Next Prev Contents


Java--Simple and Familiar

2.1 - Main Features of the Java Language
2.2 - Features Removed from C and C++
2.3 - Summary

You know you've achieved perfection in design,
Not when you have nothing more to add,
But when you have nothing more to take away.

Antoine de Saint Exupery.

In his science-fiction novel, The Rolling Stones, Robert A. Heinlein comments:

Every technology goes through three stages: first a crudely simple and quite unsatisfactory gadget; second, an enormously complicated group of gadgets designed to overcome the shortcomings of the original and achieving thereby somewhat satisfactory performance through extremely complex compromise; third, a final proper design therefrom.

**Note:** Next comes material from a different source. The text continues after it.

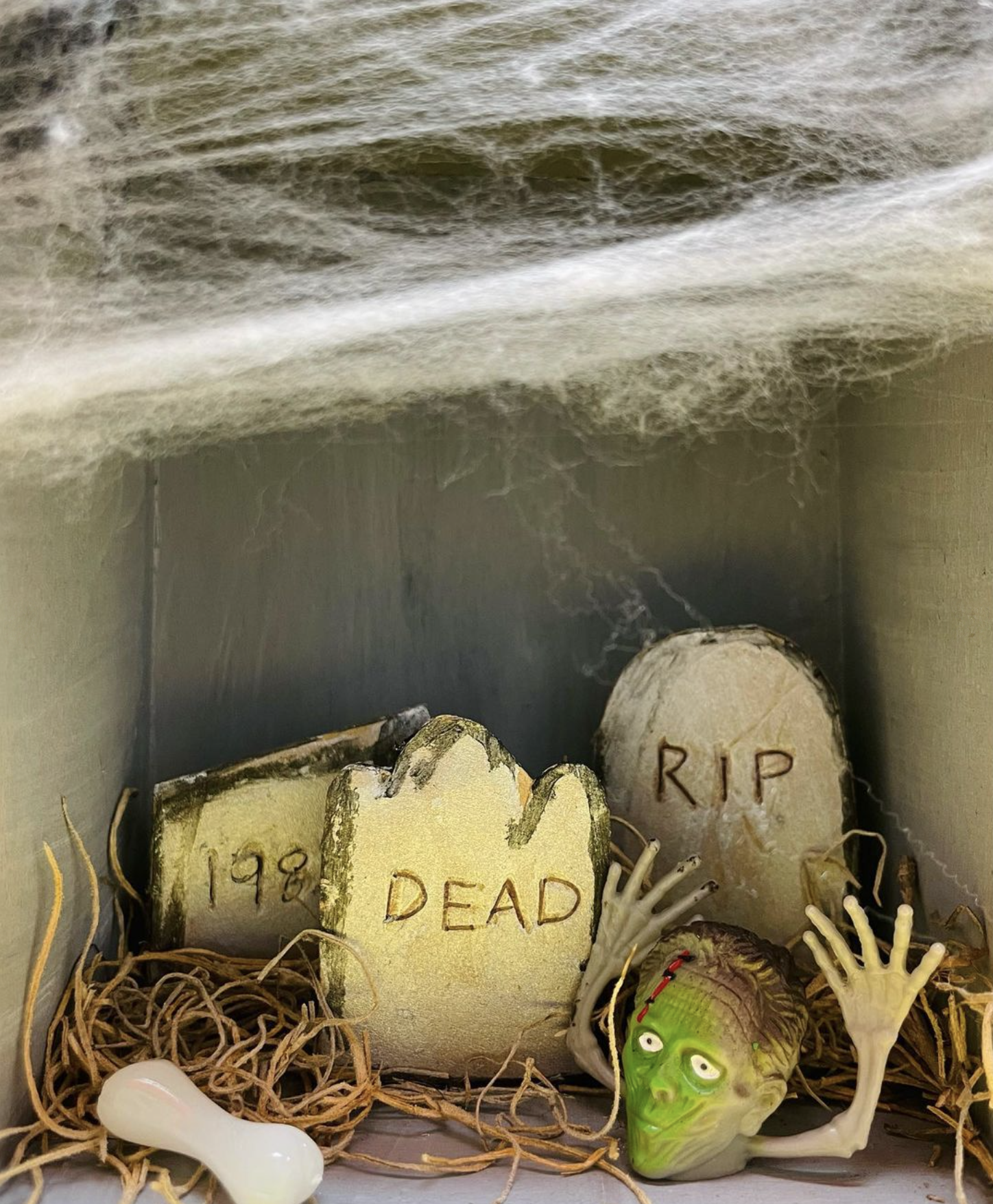 Includes wooden haunted castle and all materials, decorations, ghouls, goblins, skeletons, wood coffin, and more!

Heinlein's comment could well describe the evolution of many programming languages. Java presents a new viewpoint in the evolution of programming languages--creation of a small and simple language that's still sufficiently comprehensive to address a wide variety of software application development. While Java superficially like C and C++, Java gained its simplicity from the systematic removal of features from its predecessors. This chapter discusses two of the primary design features of Java, namely, it's simple (from removing features) and familiar (because it looks like C and C++). The next chapter discusses Java's object-oriented features in more detail. At the end of this chapter you'll find a discussion on features eliminated from C and C++ in the evolution of Java.

Design Goals

Simplicity is one of Java's overriding design goals. Simplicity and removal of many "features" of dubious worth from its C and C++-based ancestors keep Java relatively small and reduce the programmer's burden in producing reliable applications. To this end, Java design team examined many aspects of the "modern" C and C++ languages[1] to determine features that could be eliminated in the context of modern object-oriented programming.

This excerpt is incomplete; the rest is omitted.